Miércoles con BUn cuenta gotas de personajes de todo tipo empieza a llenar el Bukoski Club conforme se acercan las 9 de la noche. Un murmullo afable, amistoso, saludos, humo, van llenando el pequeño local. Se suaviza la luz, un foco fulminante sale de detrás de un pequeño escenario y Carlos sale a presentar al primer poeta de la noche. Se hace silencio y entre aplausos, jaleos y sonrisas comienza el espectáculo. El único requisito que se pide a los poetas es que sus intervenciones no sean muy extensas. A partir de ahí comienza un estado de retroalimentación verso-público que mantiene su intensidad “in crescendo” hasta que se agotan los nombres de la lista. El ambiente, los momentos, la emoción entre cortada que se concentra un miércoles por la noche en el Bukowski no se puede contar, hay que vivirla.
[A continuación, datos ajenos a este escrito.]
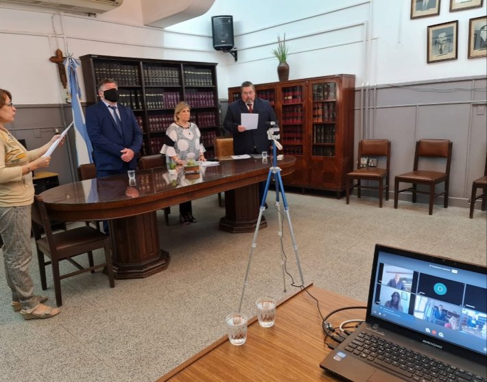 La Ceremonia fue llevada a cabo desde el Salón de Acuerdos de la Cámara Federal de Apelaciones de Resistencia, encabezada por la Presidenta del Tribunal, doctora María Delfina Denogens junto con el Vocal subrogante, doctor Enrique Jorge Bosch, y de manera virtual, la Vicepresidenta, doctora Rocío Alcalá.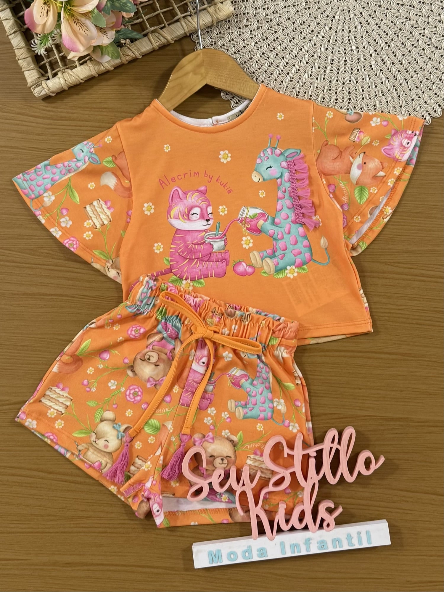 Conjunto Infantil Kukiê Verão com Shorts e Blusa Laranja Tigre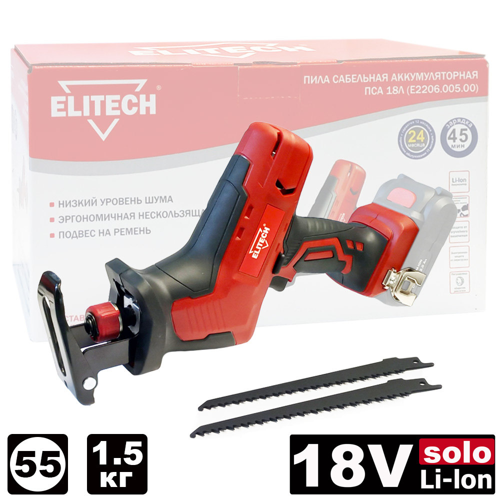 Сабельная пила ПСА 18Л аккумуляторная (18V / без АКБ и ЗУ / Коробка), ELITECH 198053

Como vivaz bar inquieto que es, en el Bukowski además se presentan libros, se organizan recitales, se hacen también lecturas de relatos, y se organizan todo tipo de eventos relacionados con la cultura y la participación. Una de sus últimas iniciativas es el Festival de Impovesía, una cita de improvisación poética en torno a un tema monográfico en cada ocasión. En él los poetas se apuntan en una lista y van saliendo al azar por parejas en las que ambos miembros se apoyan y ayudan.

Más garitosOtros lugares en Madrid donde se organizan presentaciones y recitales son el Lola Bar (c/ reina, 25) donde también se presentan discos, festivales de cine y se proyectan cortos. El Bandido Doblemente Armado (c/ Apodaca,1), café bar librería que funciona desde 2002 y ofrece un cuidado abanico de obras en la librería y un ambiente acogedor y relajado en el que se llevan a cabo presentaciones de libros, lecturas de poesía y narrativa, proyecciones, conciertos, sesiones de discjokeys, exposiciones y todo tipo de eventos culturales. Uno de sus eventos más seguidos ha sido el ciclo de narrativa Bandidos Mudos, actualmente en suspenso, coordinado por el periodista y escritor argentino Loyds. La editorial Amargord ha reiniciado su actividad, aunque ahora está paralizada temporalmente, lejos de Lavapiés, donde se ubicaba el bar donde ha removido cultura desde hace años, para instalarse en Colmenar (c/Pio X, 7) y está en proceso de desarrollo Kukudrulu una librería especializada en poesía, literatura infantil y psiconáutica.

Son muchos los brillos de estas citas poéticas donde se funde la creación, los sentimientos y la poesía desarrolla dimensiones de plenitud. Rodrigo Galarza, poeta y director de Poesía en Amargord, sintetiza la repercusión que tienen para el poeta y para la poesía. “Creo que es importante para el poeta porque recupera la tradición oral de la poesía, el contacto real con el público como en la antigüedad, y lo hace de un modo distendido, de camadería. En estos contextos la poesía parece más viva, más en movimiento, ya que en las bibliotecas se aleja un poco del público, sobre todo porque no gestionan bien el acercamiento”.

Bares y versos, sin duda un cóctel explosivo que revuelve corazones e ilumina caminos, no solo en Madrid también en otras ciudades, una ráfaga de aire fresco, una alernativa cultural que respira, siente, late.